The 2016 United States Senate election in Florida was held November 8, 2016 to elect a member of the United States Senate to represent the State of Florida, concurrently with the 2016 U.S. presidential election, as well as other elections to the United States Senate in other states and elections to the United States House of Representatives and various state and local elections.  The primary elections for both the Republicans and Democrats took place on August 30, 2016.

Incumbent Republican Senator Marco Rubio ran for another term but faced well-funded Republican primary opposition after initially announcing he would not seek re-election to his Senate seat. He had openly considered whether to seek re-election or run for president in 2016. He stated in April 2014 that he would not run for both the Senate and president in 2016, as Florida law prohibits a candidate from simultaneously appearing twice on a ballot, but did not rule out running for either office.

However, in April 2015, Rubio announced that he was running for President and would not seek re-election. Rubio had initially said he would not run for re-election to the Senate even if he dropped out of the GOP presidential primary before he would have to qualify for the 2016 Senate primary ballot, for which the filing deadline was June 24, 2016.

On June 13, 2016, despite his previous statements that he would not run for re-election to his Senate seat, Rubio "seemed to open the door to running for re-election," citing the previous day's mass shooting in Orlando and how "it really gives you pause, to think a little bit about your service to your country and where you can be most useful to your country." On June 22, 2016, Rubio announced that he would seek re-election to the Senate, reversing his pledge not to run.
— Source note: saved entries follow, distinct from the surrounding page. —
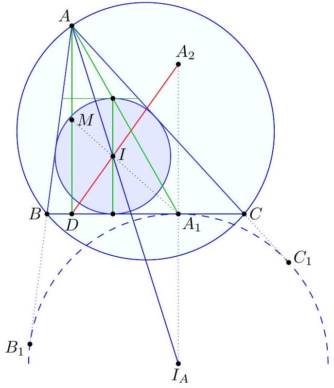 Let $W$ be the midpoint of $\overline{B C}$, let $X$ be the point on $\Omega$ opposite $M$. Observe that $\overline{K D}$ passes through $X$, and thus lines $B C, M K, X A$ concur at the orthocenter of $\triangle D M X$, which we call $S$. Denote by $I_{A}$ the $A$-excenter of $A B C$. Next, let $E$ be the foot of the altitude from $I$ to $\overline{X I_{A}}$; observe that $E$ lies on the circle centered at $M$ through $I, B, C, I_{A}$. Then, $S$ is the radical center of $\Omega$ and the circles with diameter $\overline{I X}$ and $\overline{I I_{A}}$; hence line $S I$ passes through $E$; accordingly $I$ is the orthocenter of $\triangle X S I_{A}$; denote by $L$ the foot from $X$ to $\overline{S I_{A}}$.  We claim that this $L$ lies on both the circumcircle of $\triangle K I D$ and $\triangle M A N$. It lies on the circumcircle of $\triangle M A N$ since this circle is the nine-point circle of $\triangle X S I_{A}$. Also, $X D \cdot X K=X W \cdot X M=X A \cdot X S=X I \cdot X L$, so $K D I L$ are concyclic. All that remains to show is that the midpoint $T$ of $\overline{I L}$ lies on $\Omega$. But this follows from the fact that $\overline{T M} \| \overline{L I_{A}} \Longrightarrow \angle M T X=90^{\circ}$, thus the problem is solved. Remark. Some additional facts about this picture: the point $T$ is the contact point of the $A$-mixtilinear incircle (since it is collinear with $X$ and $I$ ), while the point $K$ is such that $\overline{A K}$ is an $A$-symmedian (since $\overline{K D}$ and $\overline{A D}$ bisect $\angle A$ and $\angle K$, say).  Remark. In fact, the point $L$ is the Miquel point of cyclic quadrilateral $I_{B} I_{C} B C$ (inscribed in the circle with diameter $\overline{I_{B} I_{C}}$ ). This implies many of the properties that $L$ has above. For example, it directly implies that $L$ lies on the circumcircles of triangles $I_{A} I_{B} I_{C}$ and $B C I_{A}$, and that the point $L$ lies on $\overline{S I_{A}}$ (since $S=\overline{B C} \cap \overline{I_{B} I_{C}}$ ). For this reason, many students found it easier to think about the problem in terms of $\triangle I_{A} I_{B} I_{C}$ rather than $\triangle A B C$.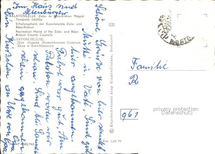 old postcard Balatonlelle Erholungsheim postalisch gelaufen Erhaltung siehe scans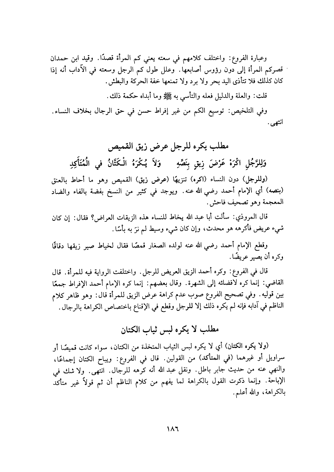 وَرَوَى الْإِمَامُ أَحْمَدُ عَنْ أَبِي أُمَامَةَ - رَضِيَ اللَّهُ عَنْهُ - مَرْفُوعًا «لَا يَسْتَمْتِعُ بِالْحَرِيرِ مَنْ يَرْجُو أَيَّامَ اللَّهِ» . وَرَوَى الْإِمَامُ أَحْمَدُ أَيْضًا عَنْ أَبِي هُرَيْرَةَ - رَضِيَ اللَّهُ عَنْهُ - مَرْفُوعًا «إنَّمَا يَلْبَسُ الْحَرِيرَ فِي الدُّنْيَا مَنْ لَا يَرْجُو أَنْ يَلْبَسَهُ فِي الْآخِرَةِ» . قَالَ الْحَسَنُ: فَمَا بَالُ أَقْوَامٍ يَبْلُغُهُمْ هَذَا عَنْ نَبِيِّهِمْ يَجْعَلُونَ حَرِيرًا فِي ثِيَابِهِمْ وَبُيُوتِهِمْ وَأَخْرَجَ الْإِمَامُ أَحْمَدُ أَيْضًا عَنْ أَبِي أُمَامَةَ - رَضِيَ اللَّهُ عَنْهُ - أَنَّهُ سَمِعَ النَّبِيَّ - صَلَّى اللهُ عَلَيْهِ وَسَلَّمَ - يَقُولُ: «مَنْ كَانَ يُؤْمِنُ بِاَللَّهِ، وَالْيَوْمِ الْآخِرِ فَلَا يَلْبَسُ حَرِيرًا وَلَا ذَهَبًا» . وَأَخْرَجَ الْبَزَّارُ بِإِسْنَادٍ حَسَنٍ عَنْ أَنَسٍ - رَضِيَ اللَّهُ عَنْهُ - مَرْفُوعًا «قَالَ اللَّهُ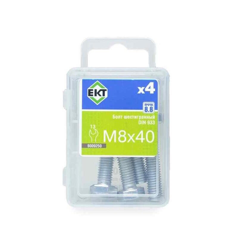 Болт шестигранный DIN 933, диаметр резьбы 8 мм, длина 40 мм. Класс прочности 8.8. Материал: оцинкованная сталь. Упаковка: 4 штуки.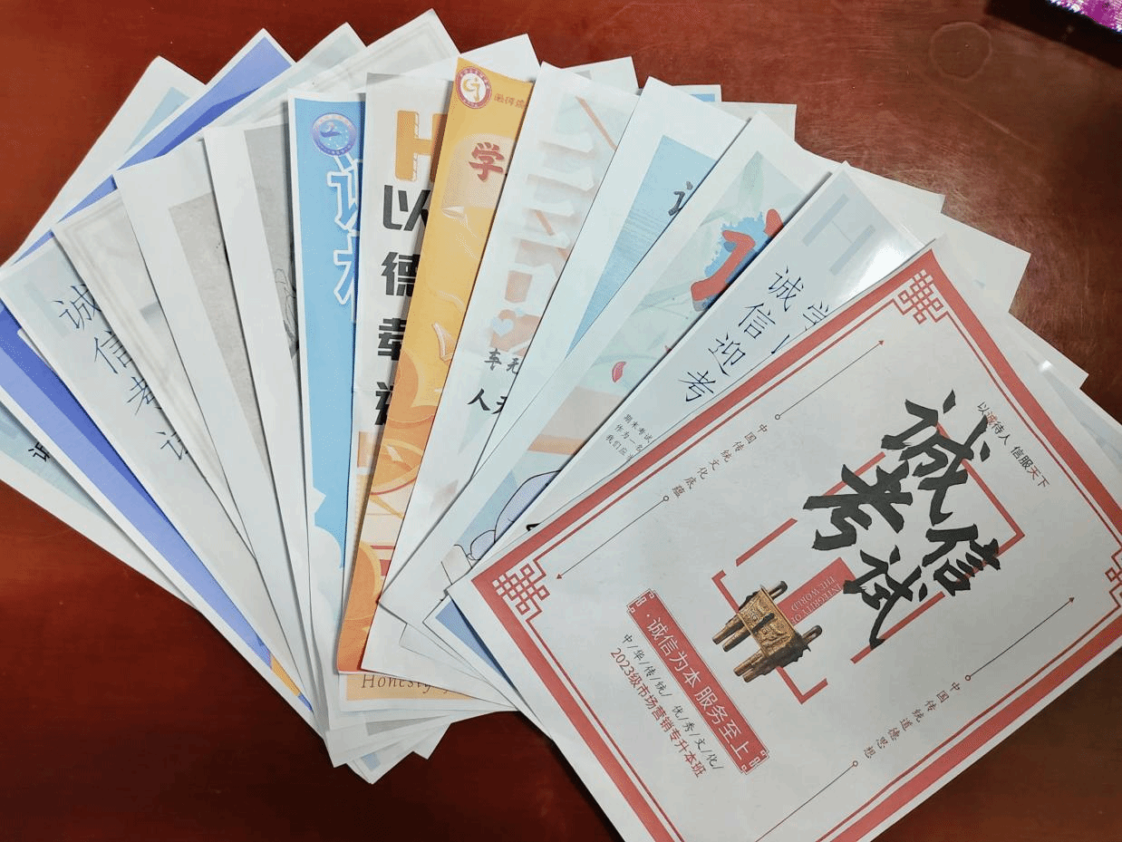 学院开展诚信海报设计活动。各班级发挥奇思妙想,设计出创意十足又紧扣诚信考试主题的海报。海报设计活动不仅展示了同学们的设计才华,更传递了诚信考试的价值观。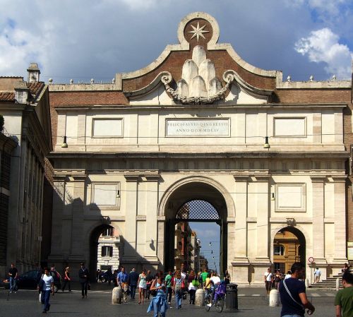 “The original name was Porta Flaminia because from here the consular road Flaminia came out, and still does, which in ancient times began much further south, from Porta Fontinalis, near the Altare della Patria. In the 10th century it was named St. Valentine from the basilica and catacombs of the same name, located at the beginning of the current Pilsudski avenue. […] Given the importance covered by the Via Flaminia, from the earliest times of its existence it had the main role of sorting city traffic rather than a defensive use. This led to the supposition, however doubtful, that it was initially built with two archways (with the two lateral cylindrical towers) and that only in the Middle Ages, when the traffic requirements ceased also due to the demographic collapse, it had been brought back to a single arch . […] The current appearance is therefore the result of a sixteenth-century reconstruction, also made necessary by the renewed importance that, at that time, the gate had again assumed, from the point of view of urban traffic coming from the north. The external façade was commissioned by Pope Pius IV to Michelangelo, who however transferred the task to Nanni di Baccio Bigio, who carried out the work between 1562 and 1565 inspired by the Arch of Titus. The four columns of the façade come from the ancient basilica of San Pietro and framed the single large archway, surmounted by the commemorative plaque of the restoration and the papal coat of arms supported by two cornucopias; the original towers with a circular base were replaced by two mighty square watchtowers and the whole building was surmounted by elegant battlements. […] The internal façade was instead built by Gian Lorenzo Bernini for Pope Alexander VII and was carried out on the occasion of the arrival in Rome, on 23 December 1655, of the abdicated queen Christina of Sweden.”

On August 30, the Republican Party nominated Marco Rubio, and the Democratic Party nominated Representative Patrick Murphy. Rubio won with the largest raw vote total in Florida history (until Donald Trump broke the record in 2020), taking a greater percentage of the popular vote than Republican presidential nominee Donald Trump, who won the state in the election. He is the first Republican Senator from Florida since 1994, and only the second with Connie Mack, to be reelected to a second term. Also, with Mel Martinez's victory in 2004, this marks the first time that Republicans have won one of Florida's Senate seats three times in a row (Mack succeeded Lawton Chiles, a Democrat, and was succeeded by another Democrat, Bill Nelson).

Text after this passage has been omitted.